» **Exercise requirements**: All of the records below need to be written out exactly, but without the pictures.

(Supplied material)

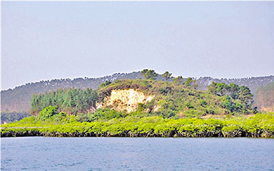■廣西擁有無居民海島632個,佔區內海島總數的98%。圖為被紅樹林環繞的穿牛鼻嶺。本報廣西傳真
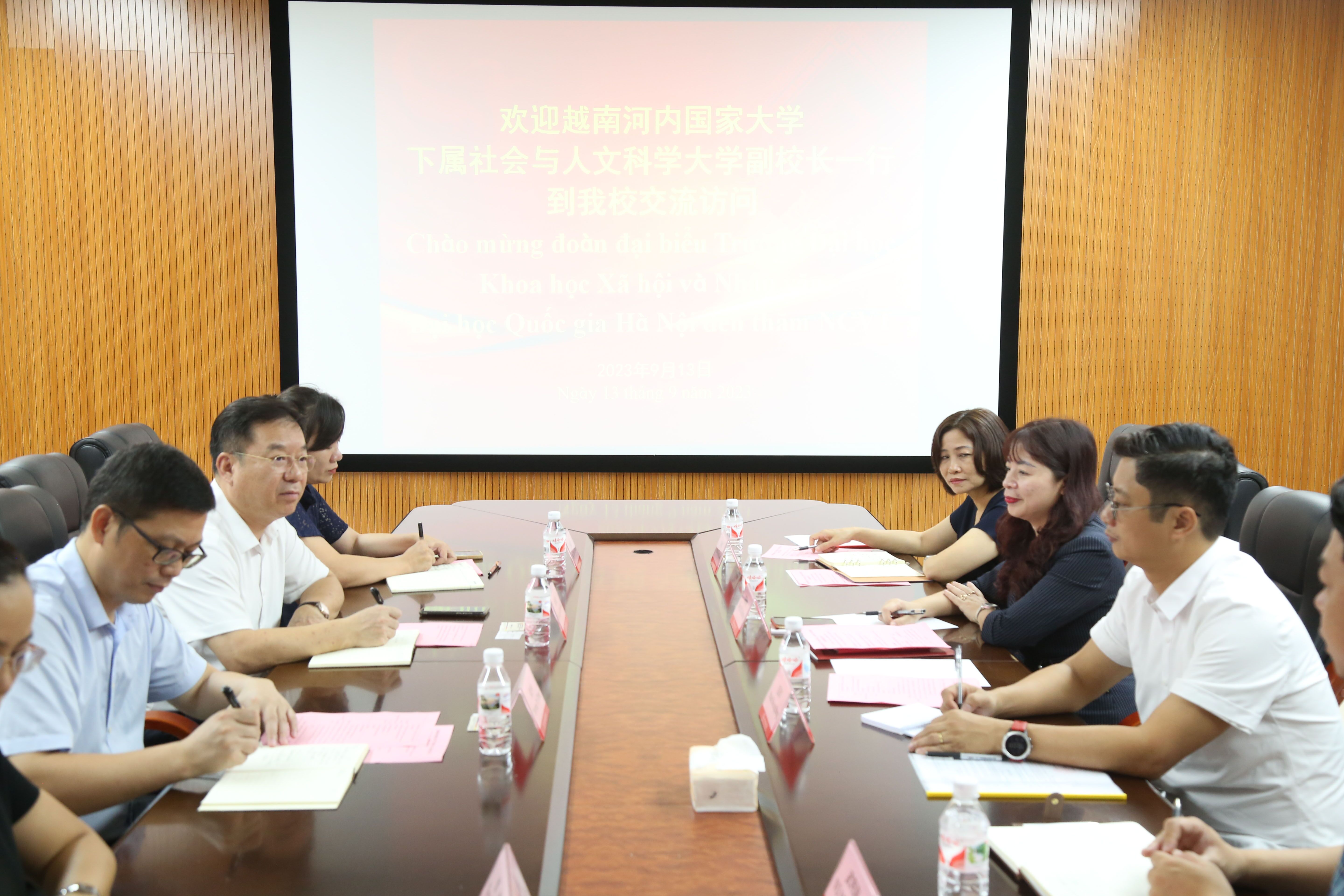9月13日,越南河内国家大学下属社会与人文科学大学副校长邓氏秋香一行来访我校,与我校签订合作办学协议。学校副校长黄春波,国际学院主要负责人及相关专业教师参加会议。
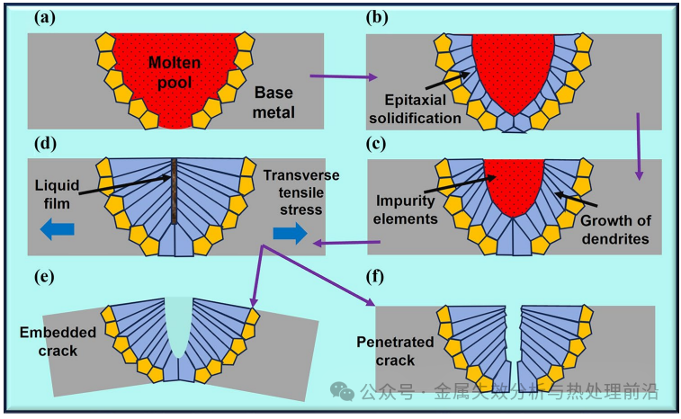 二、3 类核心热裂纹 2.1 凝固裂纹 图11 半固态材料,即部分熔化的母材晶粒及糊状 区,位于合金焊接熔池周围。 图12 焊缝裂纹形成机理:a 熔池开始凝固,b 形 核,c 晶粒长大,d 低熔点液膜形成,e 嵌入式裂 纹,f 贯穿式裂纹。
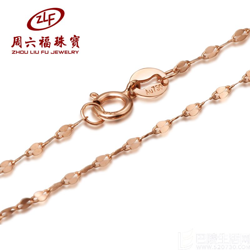 ZLF/周六福珠宝18K项链18K黄金白金玫瑰金彩金au750女款 出售价格:388 原价格:489 月销量:4 运费:25 所在地:广东 深圳 库存数量:33 收藏数:245 货号: kjxl888|品牌: ZLF/周六福|售后服务: 专柜联保|镶嵌材质: 未镶嵌素金|规格: 18K 白金色 18K 黄金色 18K 玫瑰金|图案/形状: 其他|重量: 定制价格 长40cm|贵金属成色: 18K金|款式: 项链|用途: 自用|增值服务: 现货72小时内发货|鉴定证书: NGTC证书|适用对象: 女性|价格类型: 定价 是否商城:是 是否支持七天退换货:否 是否有正品保障:是 是否支持信用卡付款:是周六福黄金项链专区
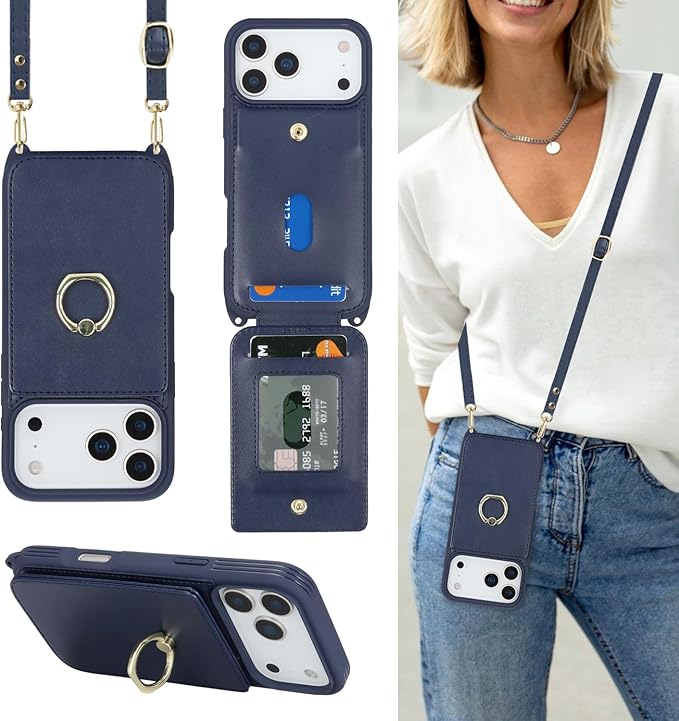Cavor iPhone 17 Pro Max と互換性があるケース手帳型iPhone 17 Pro Max 用のケースショルダーストラップ クロスボディ肩掛け 首かけ 斜めがけ 背面ポケット付き財布カバー【上下開】iPhone 17 Pro Max 用のケースカード収納【RFID機能】case 360 回転リング 横置磁気機能 落下防止/持ちやすい-ダークブルー
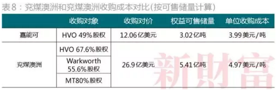 而收购的对手方嘉能可,最终也得到了不菲的回报:嘉能可花费12.06亿美元获得HVO 49%股权后,相当于得到 3.02亿吨煤炭可售权益储量。根据兖煤澳洲的竞标方案,兖煤澳洲在支付26.9亿美元后可获得C&A 可售权益储量为5.41亿吨,兖煤澳洲的单位储量收购成本要高于嘉能可,并且嘉能可收购的是C&A最核心、最优质的资产。
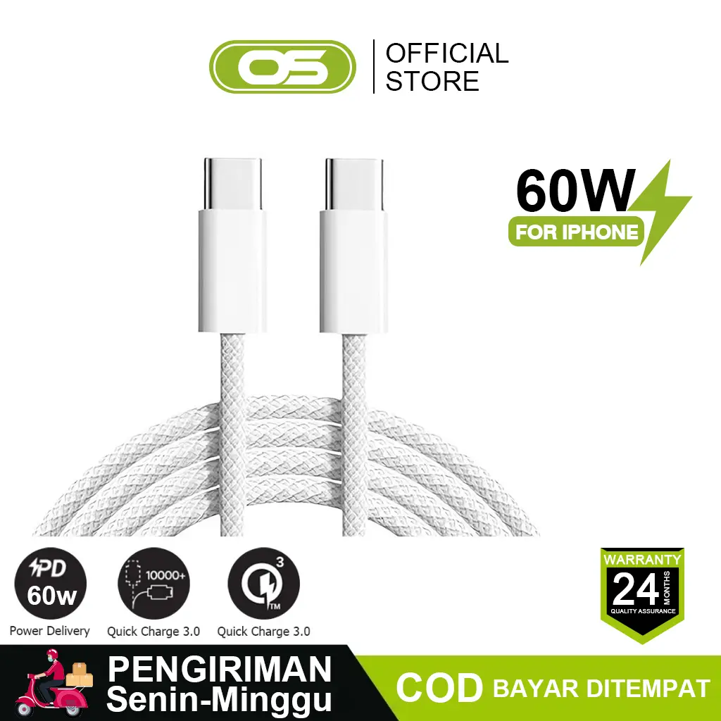 Kabel ini mendukung pengisian daya hingga 60W dan transfer data pada kecepatan USB 2.
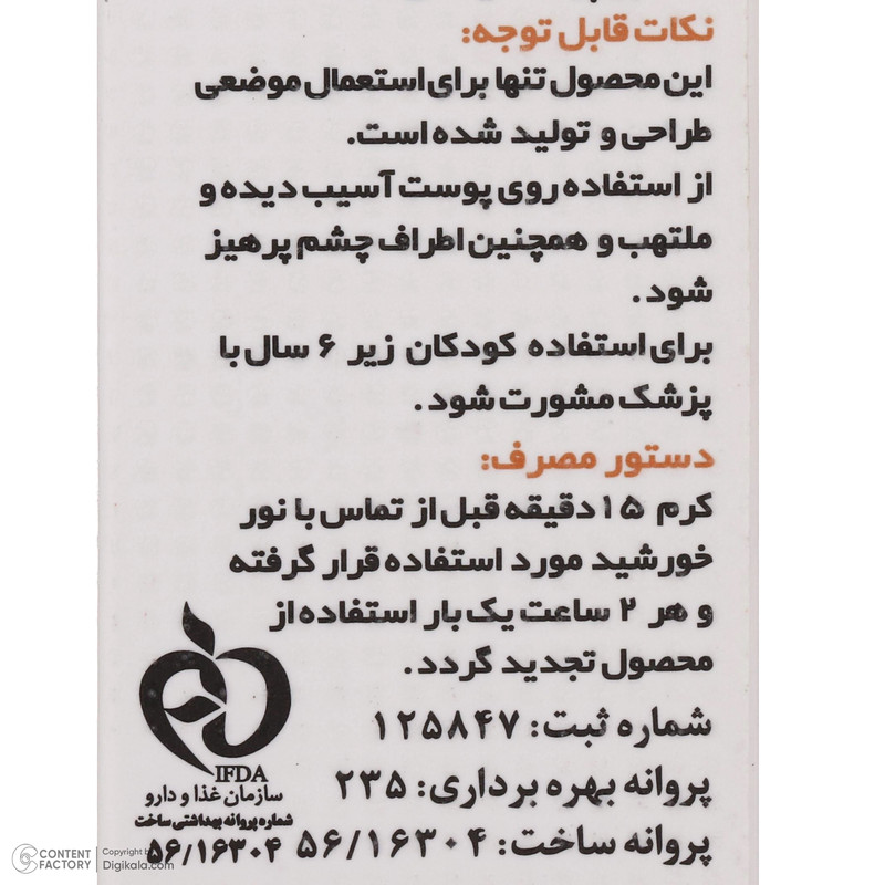 کرم ضد آفتاب مولتی پروتکشن ⁺SPF50 دکتر ژیلا با ایجاد محافظت سه گانه در مقابل پرتوهای نور خورشید، پیری زودرس پوست و همچنین آلودگی های محیطی، نقش مهمی در حفظ جوانی و شادابی پوست ایفا می کند. این کرم علاوه بر جاذب های فیزیکی و شیمیایی گوناگون، حاوی ترکیباتی می باشد که از طریق تاثیر بر روی مسیرهای داخل سلولی، از اثرات مخرب پرتوهای فرا بنفش و آلودگی های محیطی بر روی سلول های پوست جلوگیری می کند. این محصول به علت دارا بودن مجموعه ای از آنتی اکسیدان های قوی، دارای خواص ضد چروک نیز می باشد. نوع بی رنگ این کرم برای استفاده آقایان نیز مناسب است.

(End Supplied material)

» **Answer to the problem**:
■廣西擁有無居民海島632個,佔區內海島總數的98%。圖為被紅樹林環繞的穿牛鼻嶺。本報廣西傳真
9月13日,越南河内国家大学下属社会与人文科学大学副校长邓氏秋香一行来访我校,与我校签订合作办学协议。学校副校长黄春波,国际学院主要负责人及相关专业教师参加会议。
 二、3 类核心热裂纹 2.1 凝固裂纹 图11 半固态材料,即部分熔化的母材晶粒及糊状 区,位于合金焊接熔池周围。 图12 焊缝裂纹形成机理:a 熔池开始凝固,b 形 核,c 晶粒长大,d 低熔点液膜形成,e 嵌入式裂 纹,f 贯穿式裂纹。
 ZLF/周六福珠宝18K项链18K黄金白金玫瑰金彩金au750女款 出售价格:388 原价格:489 月销量:4 运费:25 所在地:广东 深圳 库存数量:33 收藏数:245 货号: kjxl888|品牌: ZLF/周六福|售后服务: 专柜联保|镶嵌材质: 未镶嵌素金|规格: 18K 白金色 18K 黄金色 18K 玫瑰金|图案/形状: 其他|重量: 定制价格 长40cm|贵金属成色: 18K金|款式: 项链|用途: 自用|增值服务: 现货72小时内发货|鉴定证书: NGTC证书|适用对象: 女性|价格类型: 定价 是否商城:是 是否支持七天退换货:否 是否有正品保障:是 是否支持信用卡付款:是周六福黄金项链专区
Cavor iPhone 17 Pro Max と互換性があるケース手帳型iPhone 17 Pro Max 用のケースショルダーストラップ クロスボディ肩掛け 首かけ 斜めがけ 背面ポケット付き財布カバー【上下開】iPhone 17 Pro Max 用のケースカード収納【RFID機能】case 360 回転リング 横置磁気機能 落下防止/持ちやすい-ダークブルー
 而收购的对手方嘉能可,最终也得到了不菲的回报:嘉能可花费12.06亿美元获得HVO 49%股权后,相当于得到 3.02亿吨煤炭可售权益储量。根据兖煤澳洲的竞标方案,兖煤澳洲在支付26.9亿美元后可获得C&A 可售权益储量为5.41亿吨,兖煤澳洲的单位储量收购成本要高于嘉能可,并且嘉能可收购的是C&A最核心、最优质的资产。
 Kabel ini mendukung pengisian daya hingga 60W dan transfer data pada kecepatan USB 2.
 کرم ضد آفتاب مولتی پروتکشن ⁺SPF50 دکتر ژیلا با ایجاد محافظت سه گانه در مقابل پرتوهای نور خورشید، پیری زودرس پوست و همچنین آلودگی های محیطی، نقش مهمی در حفظ جوانی و شادابی پوست ایفا می کند. این کرم علاوه بر جاذب های فیزیکی و شیمیایی گوناگون، حاوی ترکیباتی می باشد که از طریق تاثیر بر روی مسیرهای داخل سلولی، از اثرات مخرب پرتوهای فرا بنفش و آلودگی های محیطی بر روی سلول های پوست جلوگیری می کند. این محصول به علت دارا بودن مجموعه ای از آنتی اکسیدان های قوی، دارای خواص ضد چروک نیز می باشد. نوع بی رنگ این کرم برای استفاده آقایان نیز مناسب است.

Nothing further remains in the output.